BRAND: Why would you pick this definition over any others?
Prof. YOO: Well, the problem is that one worries about picking something that's just purely subjective. And so one thing I think the Justice Department owed the people - the CIA, the people in the National Security Council and the White House were asking us these questions - was to try to be as clear as we could, to try to find a line.
BRAND: So you found this one from a Medicare and Medicaid statute?
Prof. YOO: Yeah, if you look at the memo in its entirety, it's not just that one definition. It fills it out. It provides examples of basically everything that the federal courts had found to be torture in other kinds of cases. And it provided, you know, lists, examples of things that the judges had found to be torture.
BRAND: Even though waterboarding had been described as torture for many, many years - had been used by Pol Pot.
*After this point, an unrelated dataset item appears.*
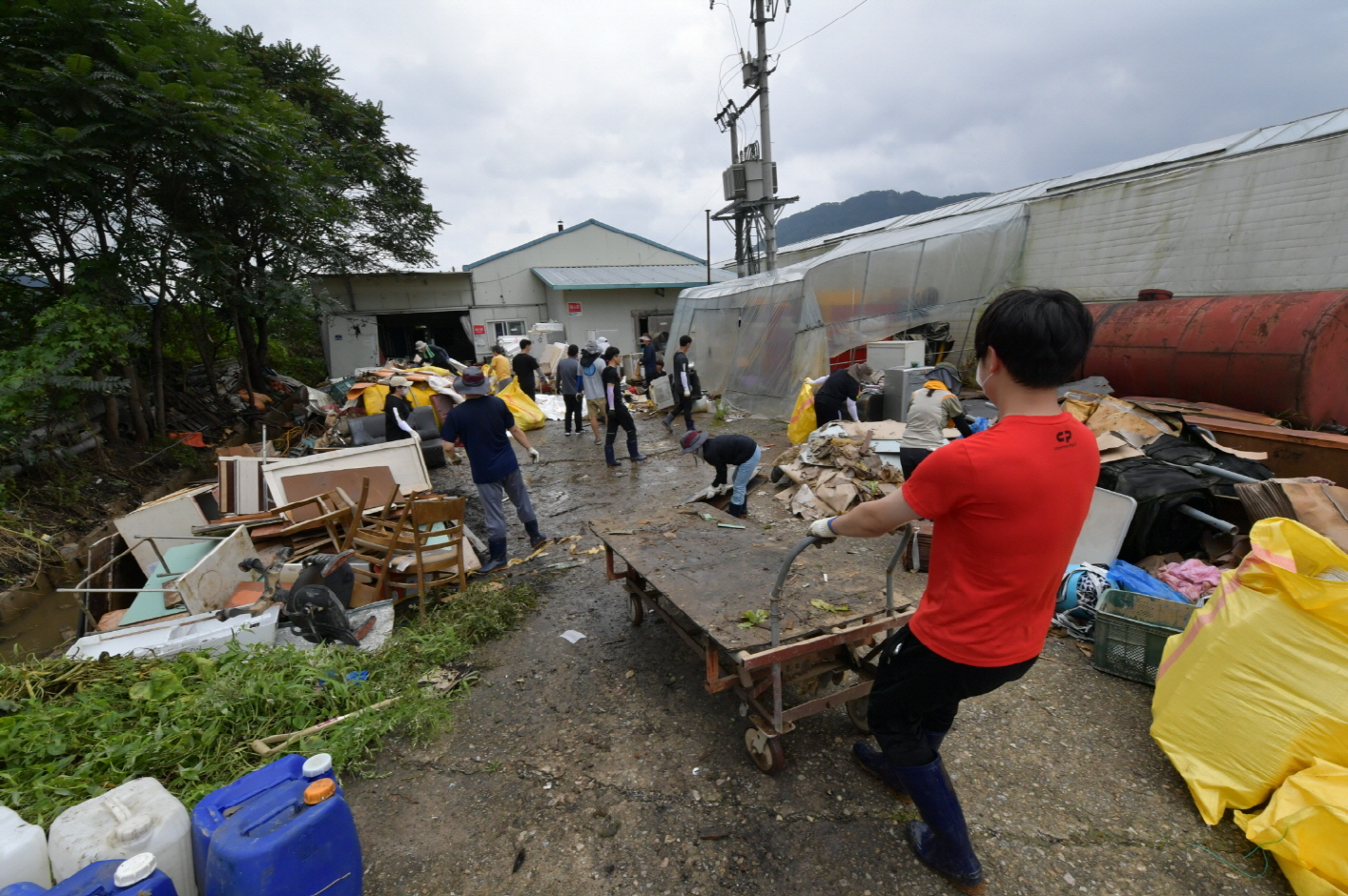 - 민간 자원봉사자 도움으로, 수해 복구 한결 빨라져

Prof. YOO: Well, you know, one thing I would say is that when - I think waterboarding is, clearly, I think the hardest question. It was the interrogation method, I think if you look at these other memos that were done, came closest to the line. I'll just say this. I mean, I think it's a very difficult question and again, dire situations - it's not all the time and is not just for everybody. It's under these most, I think, emergency situations.
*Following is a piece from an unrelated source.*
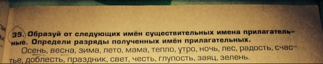 осенний(о.) .весенний(о) ,зимний((о) .летний (о),мамин(п) ,тёплый (к).утренний(о) .ночной(о) .лесной(о) .радостный(к) .счастливый (к).доблестный (к).праздничный(к) ,честный(к) .светлый(к) ,глупый (к),заячий (п).зелёный(к)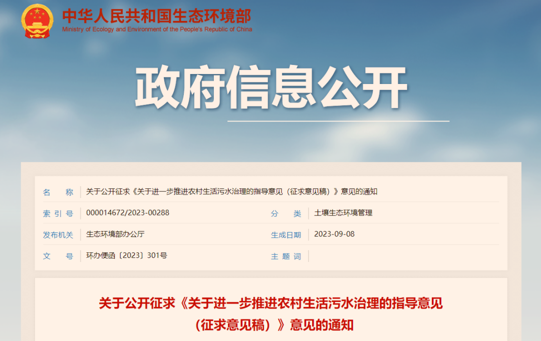 關于公開征求《關于進一步推進農村生活污水治理的指導意見(征求意見稿)》意見的通知

BRAND: As you were writing this book and researching examples of executive power and what's happened during times of crisis, how did you compare the president you worked for, President Bush, with these other presidents? Where would you put him?
Prof. YOO: As you know, in the book itself, I don't want to take a position on where Bush will eventually fall out on the rankings of presidents because it takes decades until we can really be sure. But I think the - what - I'm first to admit is that it really depends on whether what he did were appropriate to the circumstances.
BRAND: What do you think personally?
Prof. YOO: I think President Bush probably will be like a lot of our recent presidents, probably around the average. I think that's around where Bill Clinton and the first President Bush ended up.
BRAND: Where do you think he made a mistake?
Prof. YOO: I think certainly in the area of domestic policy. I think that there were problems and, you know, these are not the areas I really worked on, but I think these are areas where I think the Republicans and the president overspent. They expanded federal programs too far. The Iraq war, obviously, is always going to be question. I personally have never been certain - it was not my job at the time, obviously, but I was never certain whether the Iraq War made sense as a matter of strategy. And I think obviously, that could end up being a mistake. But it's still - we're still in the middle of it.
BRAND: John Yoo, thank you very much.
Prof. YOO: Thanks for having me on.
BRAND: John Yoo. His latest book is called "Crisis and Command." He now teaches law at UC Berkley.